— Work task —
In the records below, repeat exactly the lines between the line holding "1/2 finales !" and the line holding "マドモアゼルノンノンMademoiselle NON NON", inclusive, and drop the pictures.

— Dataset extract —
******************************

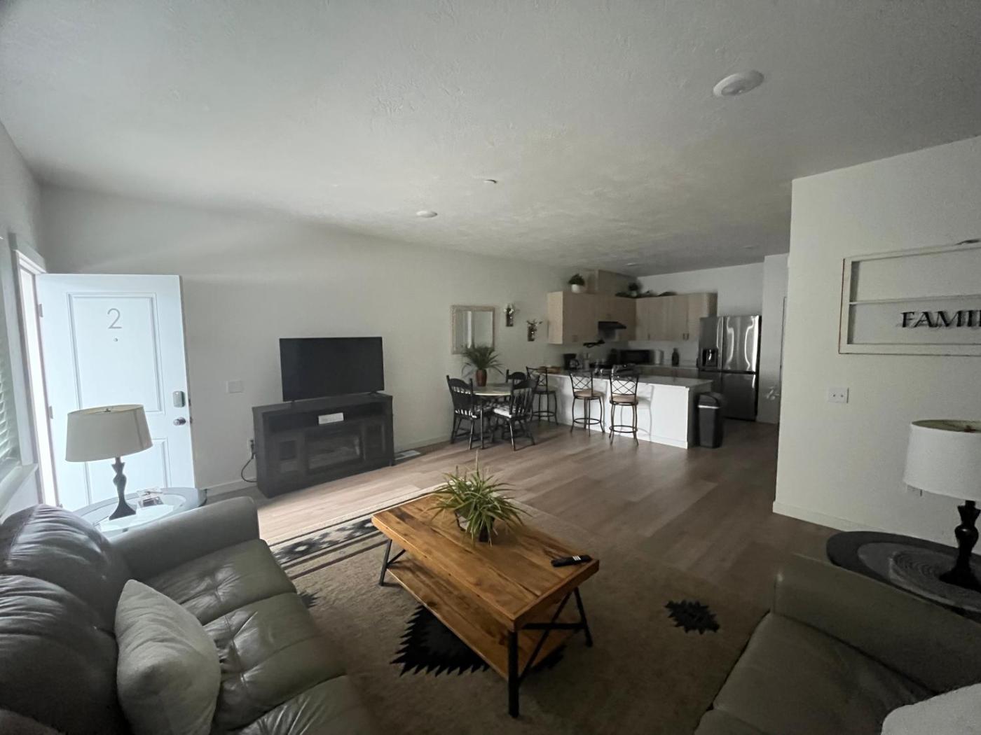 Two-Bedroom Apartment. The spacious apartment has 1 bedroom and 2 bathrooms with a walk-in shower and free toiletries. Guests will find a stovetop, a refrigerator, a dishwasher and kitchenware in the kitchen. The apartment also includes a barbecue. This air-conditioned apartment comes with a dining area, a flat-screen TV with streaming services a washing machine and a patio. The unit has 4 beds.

******************************

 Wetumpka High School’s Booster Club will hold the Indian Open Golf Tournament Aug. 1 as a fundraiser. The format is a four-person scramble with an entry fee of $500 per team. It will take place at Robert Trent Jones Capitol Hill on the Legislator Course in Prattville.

******************************

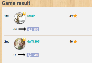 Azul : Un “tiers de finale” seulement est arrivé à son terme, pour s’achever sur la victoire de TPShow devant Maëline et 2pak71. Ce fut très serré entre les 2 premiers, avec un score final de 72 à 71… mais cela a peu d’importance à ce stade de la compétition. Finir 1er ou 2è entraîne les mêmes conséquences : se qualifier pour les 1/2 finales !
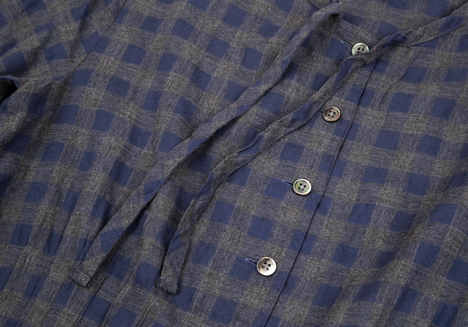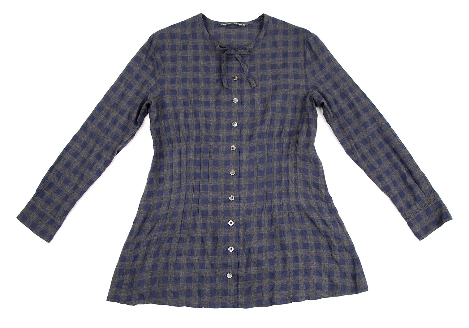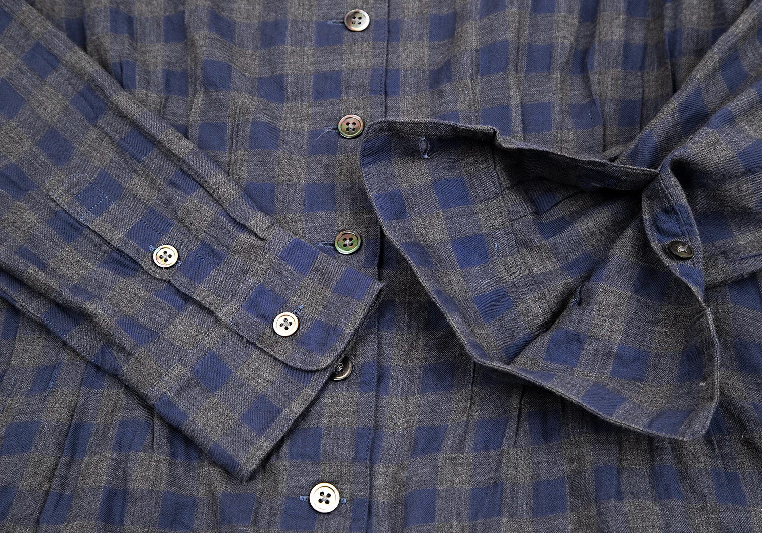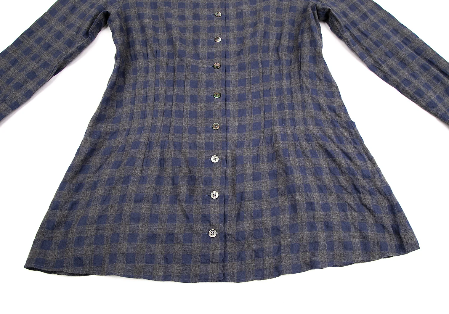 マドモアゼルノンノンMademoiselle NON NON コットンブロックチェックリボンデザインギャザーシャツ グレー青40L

******************************

— Result for this exercise —
 Azul : Un “tiers de finale” seulement est arrivé à son terme, pour s’achever sur la victoire de TPShow devant Maëline et 2pak71. Ce fut très serré entre les 2 premiers, avec un score final de 72 à 71… mais cela a peu d’importance à ce stade de la compétition. Finir 1er ou 2è entraîne les mêmes conséquences : se qualifier pour les 1/2 finales !
 マドモアゼルノンノンMademoiselle NON NON コットンブロックチェックリボンデザインギャザーシャツ グレー青40L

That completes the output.